RP=radical prostatectomy; IQR=interquartile range.

Discussion

RALP is rapidly becoming the most common method of performing RP.² Accumulating evidence suggests that PLND is being performed less frequently during RALP than might be anticipated or appropriate. Recent studies have repeatedly demonstrated that patients undergoing minimally invasive RP are significantly less likely to receive PLND than patients undergoing ORP.^12,13 In addition, it is noteworthy that many of the largest series on RALP provide incomplete or no data regarding PLND, suggesting a lack of focus on this important oncologic aspect.^14,15 In part, this may be because PLND during RALP has yet to be convincingly demonstrated in an equivalent fashion to PLND during ORP or LRP. To address this issue, we compared outcomes for a concurrent cohort of men with similar risk of LNI undergoing PLND performed with similar templates by three different surgical techniques.
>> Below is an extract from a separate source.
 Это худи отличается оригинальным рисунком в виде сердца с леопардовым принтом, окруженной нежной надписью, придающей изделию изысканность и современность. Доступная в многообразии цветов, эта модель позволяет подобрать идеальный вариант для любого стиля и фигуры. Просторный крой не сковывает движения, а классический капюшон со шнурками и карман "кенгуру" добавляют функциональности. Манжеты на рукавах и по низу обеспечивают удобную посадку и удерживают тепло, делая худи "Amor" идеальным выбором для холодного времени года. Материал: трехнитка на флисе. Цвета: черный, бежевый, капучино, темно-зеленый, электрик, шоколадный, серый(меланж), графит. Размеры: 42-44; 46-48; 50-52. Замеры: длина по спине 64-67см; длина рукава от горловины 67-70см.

We noted only modest differences in median nodal yields between surgical techniques (ORP 20, LRP 19, RALP 16) when using a standardized PLND template. These small but statistically significant differences resulted in no detectable difference in the rate of LNI between surgical techniques. Overall LNY was high in this series with a median yield of 18 nodes across all techniques, and lymph node positivity was similarly high at 14% (44/323).
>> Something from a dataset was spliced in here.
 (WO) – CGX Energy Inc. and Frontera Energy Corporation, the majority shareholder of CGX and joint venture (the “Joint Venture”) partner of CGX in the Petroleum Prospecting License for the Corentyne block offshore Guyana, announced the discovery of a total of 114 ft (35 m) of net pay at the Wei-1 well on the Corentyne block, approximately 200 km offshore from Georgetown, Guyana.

The average LNY in this study was higher than in previously reported series, regardless of technique.^16–18 We attribute the high LNY and the high rate of LNI in this study both to the relatively high risk of the cohort, limited to patients with a nomogram probability of LNI of ≥2%, and a meticulous PLND dissection that encompasses all the nodal tissue around the external iliac and obturator nerve as well as the hypogastric vessels.^16–18 Because the most common method of collecting lymph nodes, regardless of approach, was to group lymph nodes from each side of the pelvis together and send them as single specimens, the specific contribution of the hypogastric PLND cannot be determined in this study. Dissections that include the hypogastric region remove greater numbers of lymph nodes, however.^16,19 Up to 50% of LNI is in the hypogastric landing site, and in 20% of cases, it is isolated to this region and would have been missed had dissection not included this area.^17,20,21 The high rates of LNI we observed, 14% overall, suggest the importance of including the hypogastric region in any PLND, and the lack of significant difference of LNI between techniques, even after accounting for differences in risk of LNI, suggests that adequate PLND can be performed regardless of approach.

There were few complications directly attributable to PLND, and there were no neural or vascular injuries that occurred as a result of PLND. Lymphoceles were infrequent in all groups and only detected when they were symptomatic and needed intervention. Minor variations between groups are likely because of the small number of events.

The impact of individual surgeons, their experience, and caseload have been demonstrated to impact various aspects of RP.^22,23 Thus, we hypothesized that a similar effect might be seen with PLND, and to test this theory, we analyzed the median LNY by surgical approach and by surgeon. In an attempt to limit surgeon experience as a potential confounder, we limited this analysis to the surgeons who had performed the majority of the prostatectomies over the period of the study.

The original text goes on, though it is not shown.